*** LISTED ENTRIES
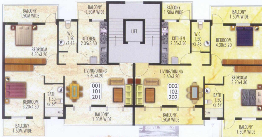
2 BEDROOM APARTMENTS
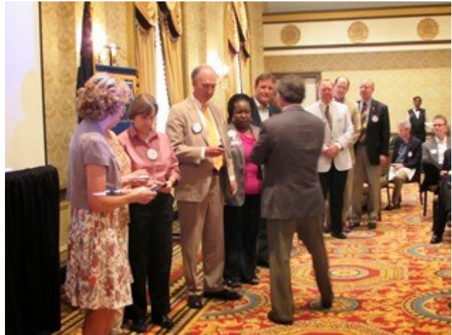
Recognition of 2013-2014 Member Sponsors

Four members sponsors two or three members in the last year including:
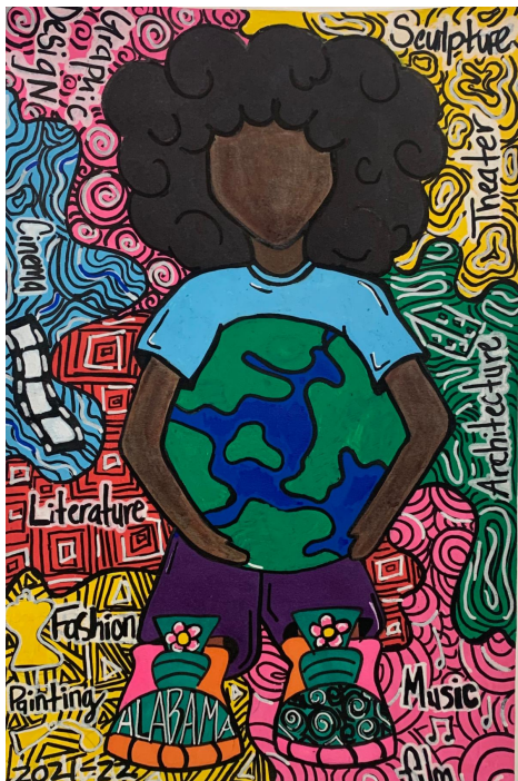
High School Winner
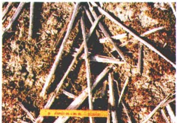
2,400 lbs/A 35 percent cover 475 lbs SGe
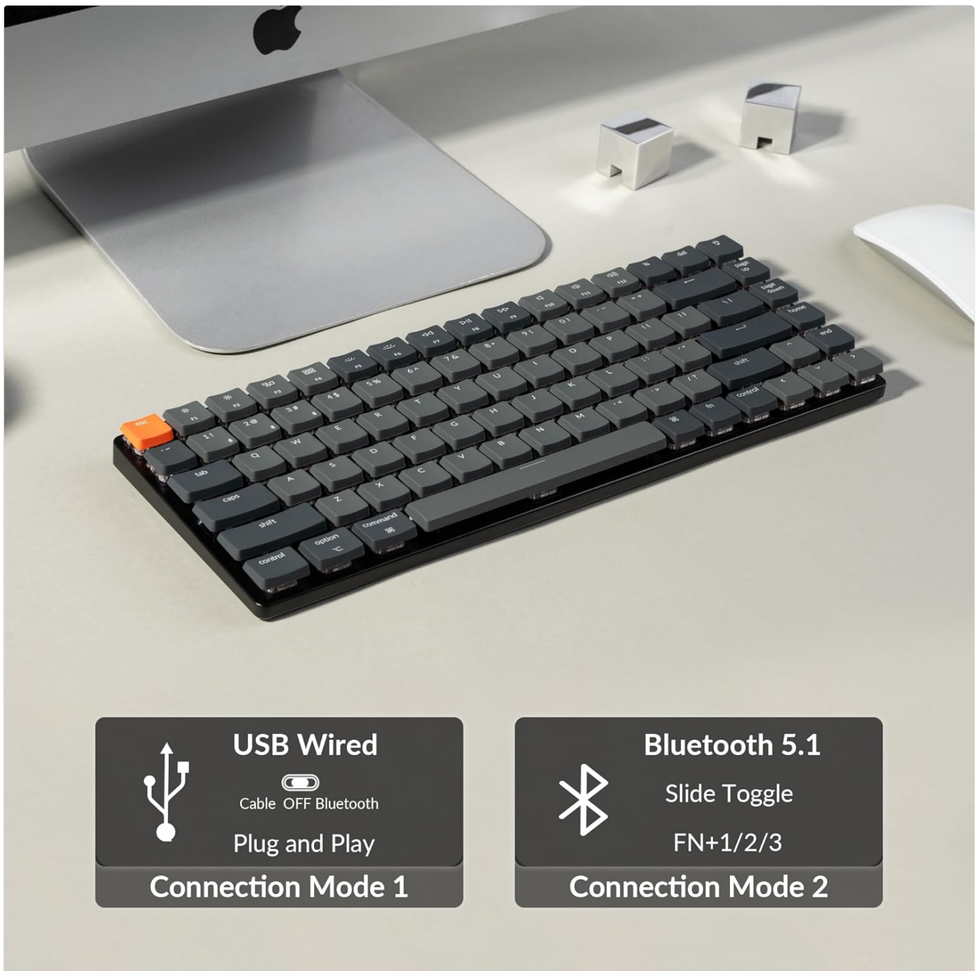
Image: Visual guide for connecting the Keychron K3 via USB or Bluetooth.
******
● **EXERCISE DIRECTIONS**
Output all the data above verbatim, leaving out images.

● **SOLUTION**
2 BEDROOM APARTMENTS
Recognition of 2013-2014 Member Sponsors

Four members sponsors two or three members in the last year including:
High School Winner
2,400 lbs/A 35 percent cover 475 lbs SGe
Image: Visual guide for connecting the Keychron K3 via USB or Bluetooth.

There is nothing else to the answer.